Delapan tahun mengasuh Rayya dengan tangannya sendiri, ia tahu betul mana ekspresi Rayya yang sesungguhnya ataupun hanya berpura-pura bahagia.

Semenjak kecil ia tak mengenal sosok ayahnya. Mungkin dengan kehadiran Rajendra bisa sedikit mengobati kerinduan Rayya akan lelaki yang turut menyumbangkan darah dan DNA ditubuh gadis itu.

"Bu Tyas, saya pamit dulu. Dan ijin membawa Rayya pergi. Nanti sore, saya akan mengembalikannya ke sini."

Bu Tyas tak mungkin melarangnya. Rayya sendiri sudah mendapatkan ijin dari bundanya, untuk menghabiskan hari minggunya bersama Om kesayangannya.

Rayya terkikik geli saat mengingat bagaimana cemberutnya sang ibunda, ketika meninggalkan Rayya di panti asuhan. Meski dengan berat hati, Eliya akhirnya mengijinkan Rayya tetap pergi dengan pria yang dipanggil om kesayangannya.

"Kenapa, Ya?" Rajendra melirik sebentar ke arah, namun kembali fokus ke jalan.

"Gak apa-apa, Om. Bunda awalnya ngambek aku ngabisin hari minggu bareng Om Jendra."

Ranjendra cuma bisa nyengir kuda, mendengar ucapan Rayya. Ibu mana yang gak ngambek. Disaat hari minggu ia menghabiskan waktu liburan dengan anaknya, malah si anak lebih memilih pergi dengan dirinya. Notabene adalah orang asing yang baru saja saling mengenal.

Rajendra mengacak-acak rambut Rayya, yang dihadiahi wajah cemberut gadis ciliknya.

"Ish, Om ... susah tau ngatur poninya.
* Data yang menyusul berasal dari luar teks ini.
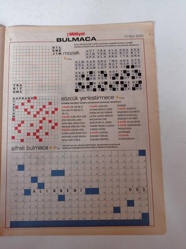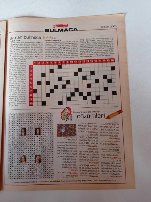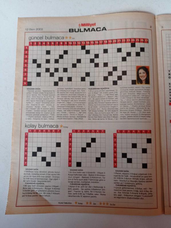 Milliyet Bulmaca Gazetesi - 12 Ekim 2003 - Tarık Akan Fotoğrafı - Meltem Cumbul - Zeki Müren - Barış Manço - Onno Tunç - Kemal Sunal - Sözcük Avı adlı eser Türkçe dilindedir.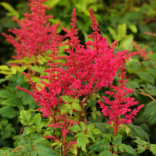 Astilbe x ‘Younique Carmine’ 草丈35cm、小型で花付き良く、耐病性に優れた濃赤品種。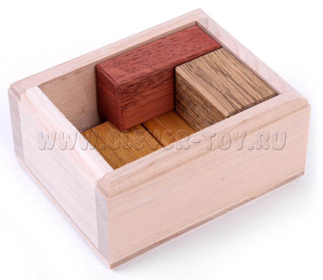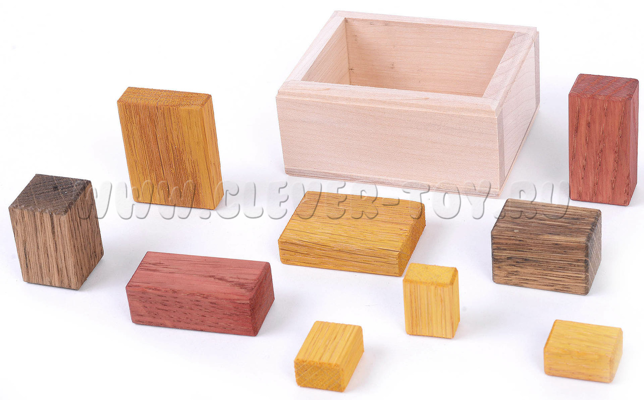 "Недетские кубики" – головоломка, в которой нужно уложить 9 брусочков в ящик таким образом, чтобы они все поместились. Кажется, задача простая, но на практике это не так. В процессе решения приходится многократно менять расстановку брусочков, перепробовать множество комбинаций, чтобы найти правильное решение.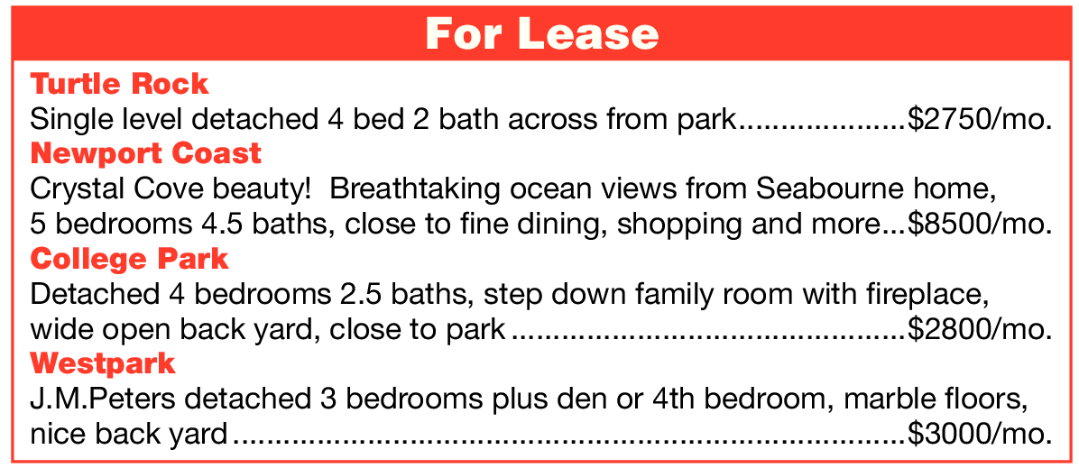 For Lease Turtle Rock Single level detached 4 bed 2 bath across from park ....................$2750/mo. Newport Coast Crystal Cove beauty! Breathtaking ocean views from Seabourne home, 5 bedrooms 4.5 baths, close to fine dining, shopping and more ...$8500/mo. College Park Detached 4 bedrooms 2.5 baths, step down family room with fireplace, wide open back yard, close to park ...............................................$2800/mo. Westpark J.M.Peters detached 3 bedrooms plus den or 4th bedroom, marble floors, nice back yard ................................................................................$3000/mo.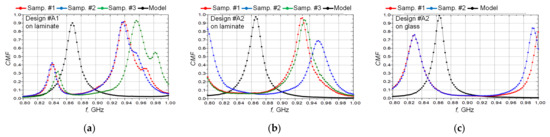 The examined samples were modelled and manufactured on the FR408 laminate. The comparison of measurements obtained for the samples on the low-iron laminate with the model calculations of the antennas #A1 and #A2 is shown in Figure 6a,b. Although the curves in the graphs have a similar shape, the reference and measured data were significantly shifted in relation to each other in the frequency domain (by approx. 80 MHz and 100 MHz, respectively). Such discrepancies exclude the possibility of correct and effective operation of the so designed antenna in the RFID system. Replacing the low-iron laminate by low-iron glass (Figure 6c) lead to a similar discrepancy.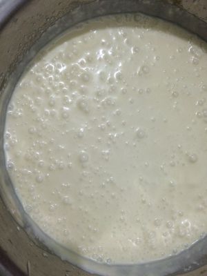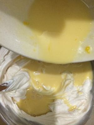 将吉利丁牛奶倒入蛋黄糊中,用打蛋器打散。放边上待凉。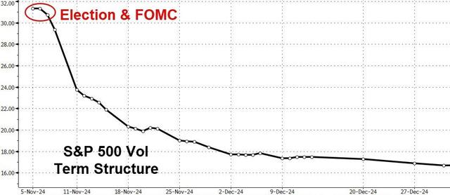 由于大选和美联储的影响渗透到短期指标的计算中,标普500指数的短期隐含波动率相对于一个月的水平一直很高。衡量VIX波动率的Cboe VVIX指数近期也有所上升。

Om jendra malah ngerusakin." tukas Rayya merapikan poninya, dengan bibir manyun.

Rajendra semakin tergelak melihat wajah cemberut Rayya.

Hatinya menghangat saat melihat wajah pura-pura cemberut milik Rayya. Belum lagi ocehannya menceritakan bagaimana kegiatan sehari-harinya selama seminggu ini.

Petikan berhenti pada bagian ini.